Platform Apa Saja yang Kena Dampaknya?
Dalam tahap awal, ada delapan platform besar yang wajib menerapkan pembatasan ini.
Platform tersebut meliputi:
Media sosial dan konten:
- YouTube
- TikTok
- Threads
- X
Platform hiburan dan interaktif:
- Bigo Live
- Roblox
Platform-platform ini dipilih karena memiliki interaksi tinggi dan potensi risiko yang besar bagi anak.
Karena ini adalah aplikasi yang digunakan sehari-hari, dampaknya langsung terasa di banyak keluarga.
Dampaknya ke Anak: Bingung dan Kehilangan Akses
Bagi anak, perubahan ini tidak selalu mudah dipahami.
Mereka hanya melihat satu hal. Akses yang biasanya ada, tiba-tiba hilang.
Sebagian anak merasa bingung, sebagian lainnya merasa kesal. Tidak sedikit juga yang mencoba mencari cara lain untuk tetap menggunakan aplikasi, seperti menggunakan akun orang lain atau mengubah data usia.
Di sinilah tantangan mulai muncul.
Orang Tua Jadi Pusat Kontrol Baru
Dengan adanya PP Tunas, peran orang tua menjadi jauh lebih penting dibanding sebelumnya.
Jika dulu anak bisa menggunakan internet dengan pengawasan minimal, sekarang kondisi tersebut tidak lagi relevan.
Orang tua perlu mulai:
- Memahami aplikasi yang digunakan anak
- Mengetahui pola penggunaan harian
- Mengatur waktu penggunaan gadget
- Mendampingi saat anak mengakses konten
Pendekatan ini bukan hanya soal membatasi, tetapi juga membimbing.
Internet Tidak Ditutup, Tapi Diatur
Salah satu hal yang sering disalahpahami adalah anggapan bahwa anak tidak boleh menggunakan internet lagi.
Faktanya, PP Tunas tidak melarang penggunaan internet.
Anak tetap bisa mengakses internet, terutama untuk kebutuhan belajar. Namun, akses tersebut harus lebih terarah dan berada dalam pengawasan.
Beberapa platform bahkan menyediakan fitur khusus yang memungkinkan orang tua mengatur penggunaan anak, mulai dari durasi hingga jenis konten.
Kekhawatiran Soal Akses Belajar
Di sisi lain, muncul kekhawatiran terkait dampak terhadap pendidikan.
Banyak anak saat ini mengandalkan internet sebagai sumber belajar tambahan. Video penjelasan, tutorial, hingga materi pelajaran menjadi bagian dari aktivitas sehari-hari.

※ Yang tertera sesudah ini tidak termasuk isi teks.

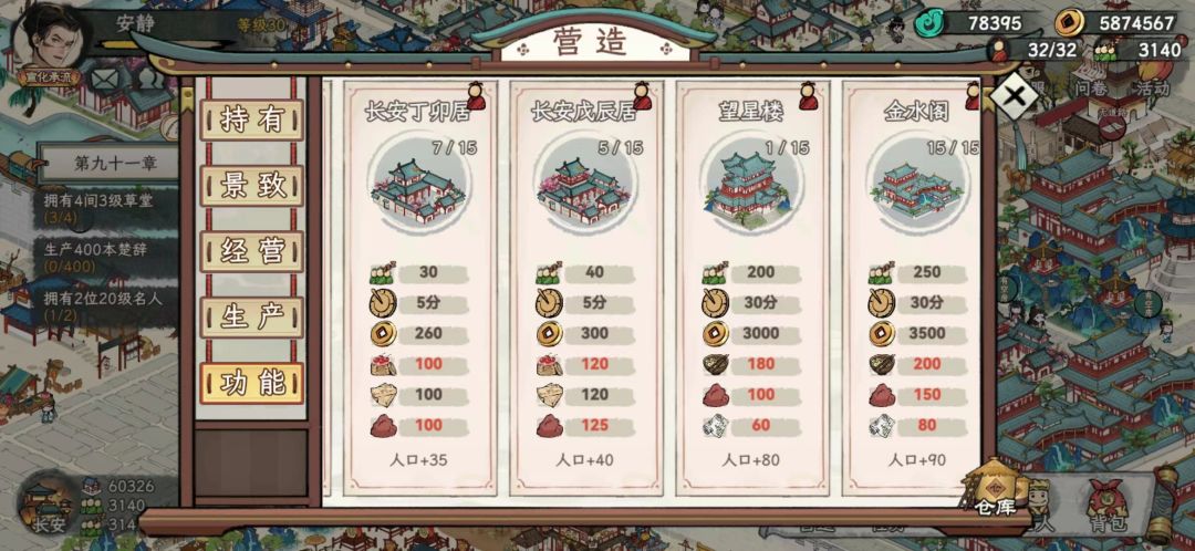 游戏中的建筑有很多,一共分成四类,居住类、景致类、生产类、经营类,每个建筑都能给玩家们带来不同的收益。

Jika akses dibatasi tanpa solusi, ada risiko anak kehilangan salah satu sumber belajar yang penting.
Karena itu, peran orang tua tidak hanya membatasi, tetapi juga memastikan anak tetap mendapatkan akses yang bermanfaat.
Ini Bukan Sekadar Aturan, Tapi Perubahan Besar
PP Tunas bukan hanya kebijakan teknis. Ini adalah perubahan cara anak berinteraksi dengan dunia digital.
Akses yang sebelumnya bebas kini mulai diatur. Sistem yang dulu pasif kini menjadi aktif dalam membatasi pengguna.
Bagi banyak keluarga, ini adalah fase adaptasi.
Penutup: Orang Tua Tidak Bisa Lagi Pasif
Perubahan ini menegaskan satu hal. Orang tua tidak bisa lagi berada di posisi pasif dalam penggunaan internet anak.
Teknologi terus berkembang, dan aturan ikut menyesuaikan.
Dalam kondisi ini, yang paling dibutuhkan bukan hanya kontrol, tetapi juga pemahaman.
Dengan memahami apa itu PP Tunas dan bagaimana dampaknya, orang tua dapat mengambil peran yang lebih tepat dalam mendampingi anak.
Karena pada akhirnya, tujuan utama dari aturan ini tetap sama. Menjaga anak tetap aman, tanpa kehilangan kesempatan untuk belajar dan berkembang di era digital.